Can't say I've ever came across one with storage solution though. If I remember right the one I have was meant to be stored with the calibration fluid and only came with a bottle of seven calibration. The storage solution would dry out very quick in the cap so needed topped up once a week from what I recall.

Looks like I'm investing in a ph pen again but at least I've saved on the 4dkh water 
Edit* Are the calibration fluids re-usable or one time things?


----------



## dw1305 (5 Feb 2013)

Hi all,


AverageWhiteBloke said:


> Can't say I've ever came across one with storage solution though. If I remember right the one I have was meant to be stored with the calibration fluid and only came with a bottle of seven calibration.
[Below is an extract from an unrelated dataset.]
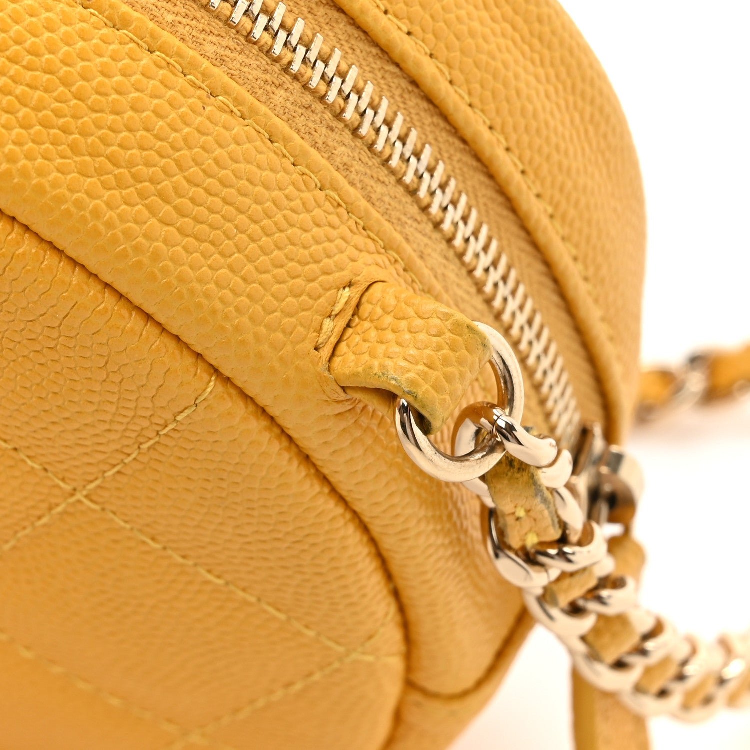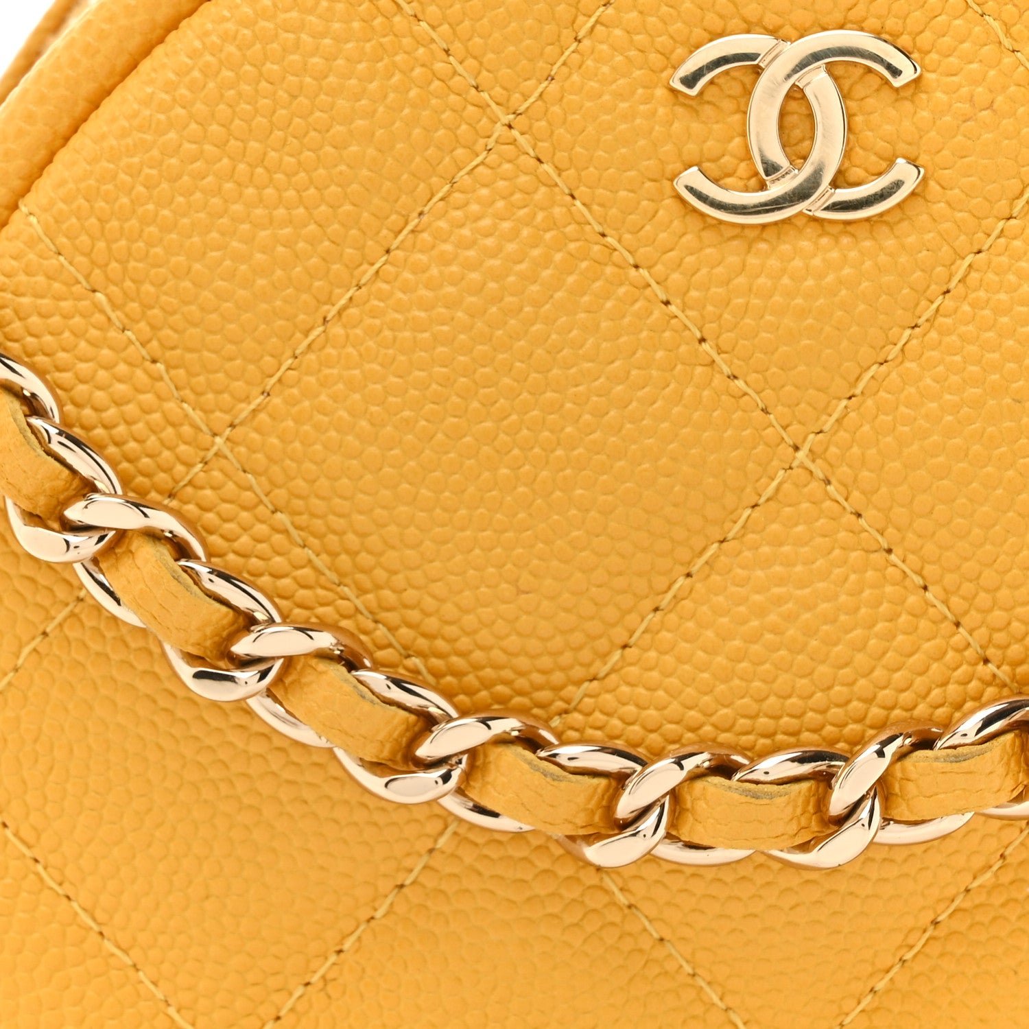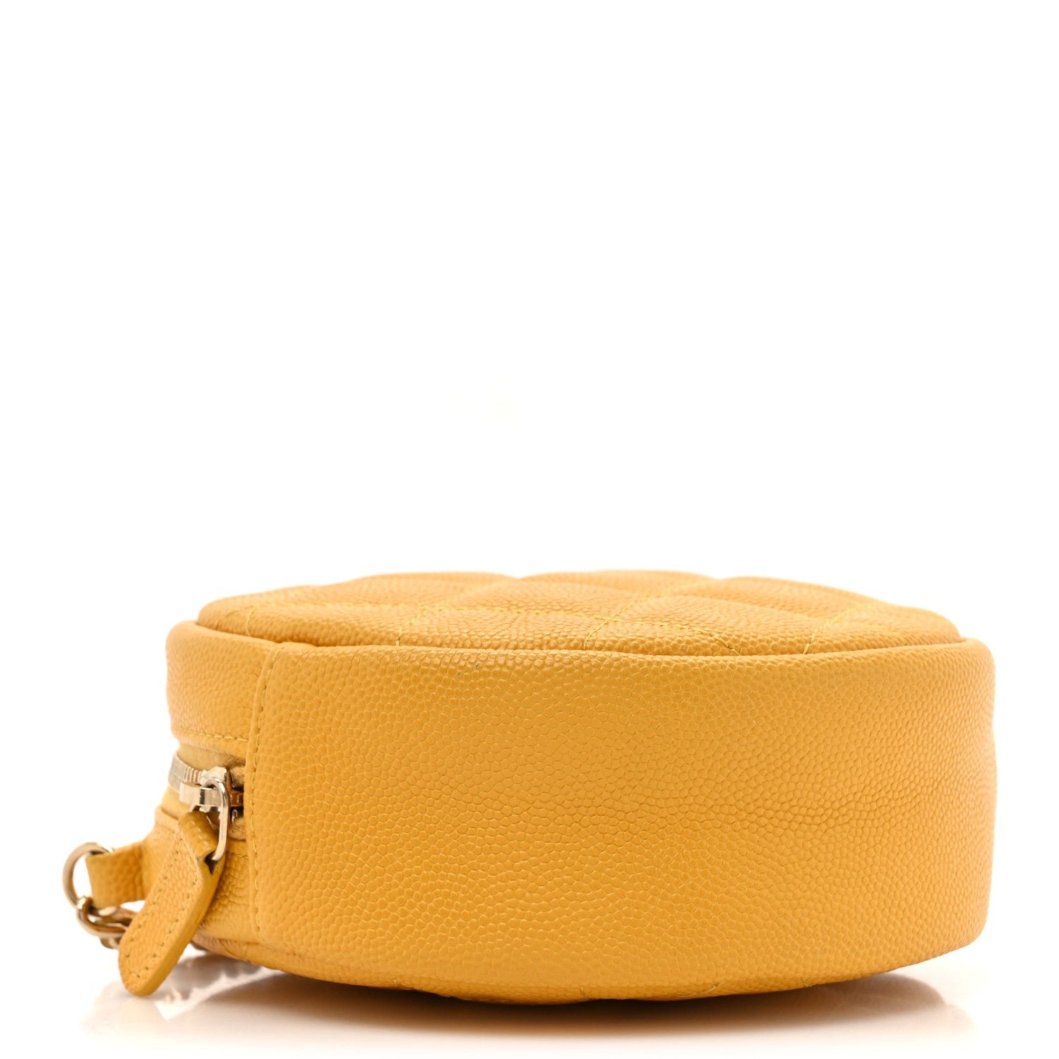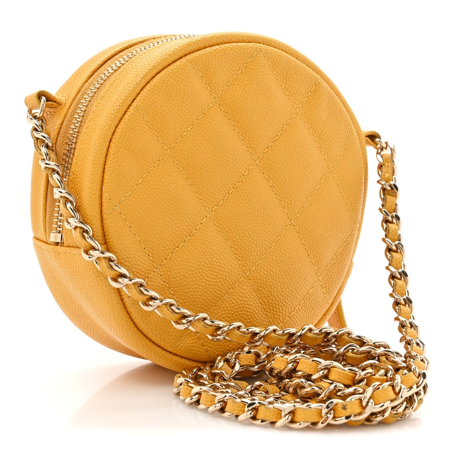 This is an authenticCHANEL Caviar Quilted Round Clutch With Chain in Yellow. This stylish crossbody clutch is crafted of luxurious caviar quilted leather in yellow. The shoulder bag features a leather-threaded light gold chain-link shoulder strap and a light gold Chanel CC logo on the front. Thisshoulder bag opens with a top zipper to a matching fabric interior with patch pockets.

The storage solution would dry out very quick in the cap so needed topped up once a week from what I recall.


Depends upon the electrode, but it is usually just potassium chloride (KCl), have a look here: <http://www.coleparmer.com/TechLibraryArticle/550>. You can store the pH electrode in the KCl solution, or fill the  cap. 


AverageWhiteBloke said:


> Edit* Are the calibration fluids re-usable or one time things?


 You can re-use them a couple of times, they just need to cover the electrode, so you can pour a small amount of fluid into a small beaker.

The buffers are quite cheap to buy: <Buffer Solution | ph4, ph7, ph10 and ORP Buffer Solutions - UK>.

cheers Darrel


----------